- _ASSIGNED TASK_:
Looking at the listing below, retype exactly the lines starting at the one containing "楊金明理事長表示,近日收到地" and ending at the one containing "Diperkenalkan di Negeri", both included, and nothing else.

- _PROVIDED RECORDS_:
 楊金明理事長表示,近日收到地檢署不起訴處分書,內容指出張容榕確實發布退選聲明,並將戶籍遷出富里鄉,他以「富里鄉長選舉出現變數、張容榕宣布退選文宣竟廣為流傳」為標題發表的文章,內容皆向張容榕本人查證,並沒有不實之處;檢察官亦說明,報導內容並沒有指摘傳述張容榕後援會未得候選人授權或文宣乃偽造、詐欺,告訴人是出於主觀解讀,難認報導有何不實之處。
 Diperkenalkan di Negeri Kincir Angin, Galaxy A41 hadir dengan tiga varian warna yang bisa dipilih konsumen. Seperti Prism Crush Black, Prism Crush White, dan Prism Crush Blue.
==
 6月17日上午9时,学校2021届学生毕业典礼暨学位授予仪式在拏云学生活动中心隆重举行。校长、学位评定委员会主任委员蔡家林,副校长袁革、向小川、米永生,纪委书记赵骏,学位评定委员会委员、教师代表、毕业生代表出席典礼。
* * *
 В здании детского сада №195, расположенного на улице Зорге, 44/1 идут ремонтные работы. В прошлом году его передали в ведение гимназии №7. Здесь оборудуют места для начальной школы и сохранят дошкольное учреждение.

- _EXERCISE ANSWER_:
 楊金明理事長表示,近日收到地檢署不起訴處分書,內容指出張容榕確實發布退選聲明,並將戶籍遷出富里鄉,他以「富里鄉長選舉出現變數、張容榕宣布退選文宣竟廣為流傳」為標題發表的文章,內容皆向張容榕本人查證,並沒有不實之處;檢察官亦說明,報導內容並沒有指摘傳述張容榕後援會未得候選人授權或文宣乃偽造、詐欺,告訴人是出於主觀解讀,難認報導有何不實之處。
 Diperkenalkan di Negeri Kincir Angin, Galaxy A41 hadir dengan tiga varian warna yang bisa dipilih konsumen. Seperti Prism Crush Black, Prism Crush White, dan Prism Crush Blue.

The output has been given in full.